The search visitor needs to see the keyword right there on top. It’s “lower your bounce rate” in my case.

The returning visitor has to see the additional value compared to what he already read on your blog.

A gripping image as an eye catcher and a short teaser paragraph are also key for all visitors.

For ecommerce sites the product and a call to action “buy here” button is key and ideally “above the fold”.

2. Do not distract
Do not distract your visitors from their purpose by offering several things at once (ads, products, plenty of links).

Portal-like sites have failed long ago but website owners still assume that you have to clutter your pages.

All three kinds of visitors expect the fulfillment of their wishes above the fold with no distraction.

When they can’t see or find what they are after they’ll leave.

3. Be readable
Seeing just a huge chunk of text without anything bold, italics or otherwise highlighted hurts my eyes!
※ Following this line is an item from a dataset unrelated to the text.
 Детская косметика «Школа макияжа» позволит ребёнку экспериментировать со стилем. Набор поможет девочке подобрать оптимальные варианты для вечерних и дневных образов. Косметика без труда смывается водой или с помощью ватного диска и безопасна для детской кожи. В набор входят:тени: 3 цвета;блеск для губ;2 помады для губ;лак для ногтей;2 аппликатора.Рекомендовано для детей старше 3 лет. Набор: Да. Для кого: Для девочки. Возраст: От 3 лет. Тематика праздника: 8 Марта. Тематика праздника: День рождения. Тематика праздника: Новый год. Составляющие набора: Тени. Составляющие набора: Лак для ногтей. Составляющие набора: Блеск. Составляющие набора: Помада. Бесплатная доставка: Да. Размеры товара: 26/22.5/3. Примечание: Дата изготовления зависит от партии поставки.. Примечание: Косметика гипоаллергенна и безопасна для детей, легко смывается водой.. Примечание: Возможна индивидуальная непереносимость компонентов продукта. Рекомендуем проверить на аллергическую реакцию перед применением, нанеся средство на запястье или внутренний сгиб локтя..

It just makes me skim the text to find a clue whether I’m interested or not.

Without little clues people do not find anything and bounce in most cases.

Add basic text formatting and decoration. It’s a must for readability.

For casual social media visitors you can even add an image with text in it.

4. Target specific topics
Don’t offer solely too broad low value information and be clear on what you offer.

The most targeted search traffic comes from so called long tail queries.

Long tail searches are very specific inquiries when people enter 3, 4 or more keywords into the search box.

When writing for targeted blog posts or product pages focus on a niche and narrow term.

Do not just write down random “SEO tips” but also provide the very specific ones.

5. Explain acronyms and industry terms
RTFM ASAP? Bounce rate? Conversions? Some people argue I should even explain “SEO” to my visitors.

Acronyms and industry terms must be explained, even when your regular visitors already know them.

Some searchers just look for an explanation.

Casuals often do not know them but once you explain are drawn to the “new know how”.

6. Mind the eyes
The eyes of Internet users are strained most of the time. Looking long hours at the screen is not healthy.

This is also related to readability.

Websites that offer no white space for eyes to rest are annoying for the visitor’s eyes.

Lack of white space can make visitors leave instantly! It means pain literally.

7. Place search on top
Many people who don’t find what they seek in an instant resort to your website search.

Most visitors, especially searchers want to find exactly what they want instantly.

You need to place the search form on top or people will bounce.

When you’re after the conversion this also applies to the call to action.

It must be visible on top pf the page.


Beyond the basics

This is more a primer on bounce rate!

Thus I’d recommend these fine blog posts elsewhere!

Make to read more about improving user experience (UX), usability & findability:

Conversion optimization is an ever evolving discipline.

New sophisticated techniques appear all the time.